**To do**
A faithful copy is needed of the lines below from the one with "धौलछीना। हल्द्वानी से" up to and including the one with "테라퓨젠 공식 홈페이지"; set it down with no pictures and no other lines.

**Records contained in a dataset**
--- START ---
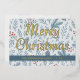 Esta tarjeta de vacaciones se distingue por su diseño único y elegante. Presenta un clásico saludo de "Feliz Navidad" impreso en Relieve metalizado de oro real, impreso en un ilustracion de un elegante patrón inglés de bayas rojas Holly y verde azuladas hojas azules. En la parte delantera de la tarjeta, hay espacio para que usted incluya su apellido y el año en curso. El reverso ofrece una excelente oportunidad para añadir un saludo o poema estacional personalizado, haciendo que su mensaje sea verdaderamente memorable. Esta tarjeta es la elección perfecta para transmitir sus deseos de vacaciones con estilo.
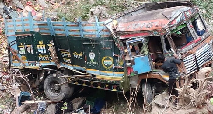 धौलछीना। हल्द्वानी से सब्जी लेकर थल जा रहा एक ट्रक मंगलवार सुबह धौलछीना के पास गहरी खाई में जा गिरा। दुर्घटना में ट्रक चालक की मौके पर ही मौत हो गई। सुबह मॉर्निंग वॉक पर निकले लोगों ने सबसे पहले दुर्घटनाग्रस्त ट्रक को देखा। घटना की जानकारी मिलने पर राजस्व विभाग तथा आपदा प्रबंधन की टीम मौके पर पहुंची। स्थानीय लोगों की मदद से शव को खाई से बाहर निकाला गया।
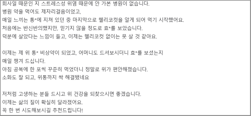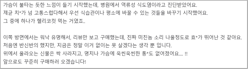 테라퓨젠 공식 홈페이지 기준 실제 구매 후기 중 일부를 발췌하였으니 참고하시길 바랍니다.
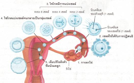 การปฏิสนธิของตัวอสุจิและไข่ของมนุษย์ เกิดบริเวณท่อนำไข่ หรือปีกมดลูก เกิดเป็นเซลล์ใหม่ 1 เซลล์ที่เรียกว่า ไซโกต ไซโกตมีการแบ่งเซลล์จาก 1 เซลล์ เป็น 2 เซลล์ และทวีคูณเรื่อย ๆ จนเกิดกลุ่มเซลล์ ระหว่างแบ่งเซลล์กลุ่มเซลล์เคลื่อนไปตามท่อนำไข่ แล้วฝังตัวที่ผนังมดลูก เรียกกลุ่มเซลล์ในระยะนี้ว่า เอ็มบริโอ
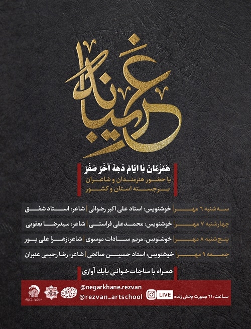 همزمان با ایام دهه آخر صفر ، ویژه برنامه غریبانه با حضور هنرمندان و شاعران برجسته استان وکشور در نگارخانه رضوان برگزار می شود .
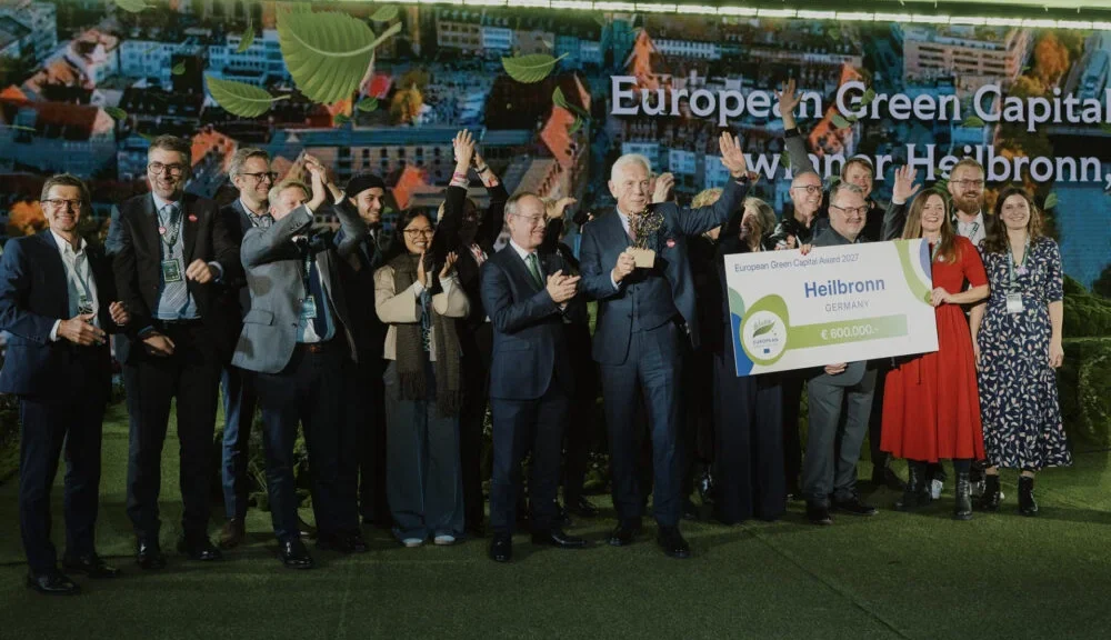 Siegerfoto Team Heilbronn bei der Verleihung des European Green Capital Awards 2027 (J. Boysen / J. Hufnagel)
--- END ---
**Completed exercise**
 धौलछीना। हल्द्वानी से सब्जी लेकर थल जा रहा एक ट्रक मंगलवार सुबह धौलछीना के पास गहरी खाई में जा गिरा। दुर्घटना में ट्रक चालक की मौके पर ही मौत हो गई। सुबह मॉर्निंग वॉक पर निकले लोगों ने सबसे पहले दुर्घटनाग्रस्त ट्रक को देखा। घटना की जानकारी मिलने पर राजस्व विभाग तथा आपदा प्रबंधन की टीम मौके पर पहुंची। स्थानीय लोगों की मदद से शव को खाई से बाहर निकाला गया।
 테라퓨젠 공식 홈페이지 기준 실제 구매 후기 중 일부를 발췌하였으니 참고하시길 바랍니다.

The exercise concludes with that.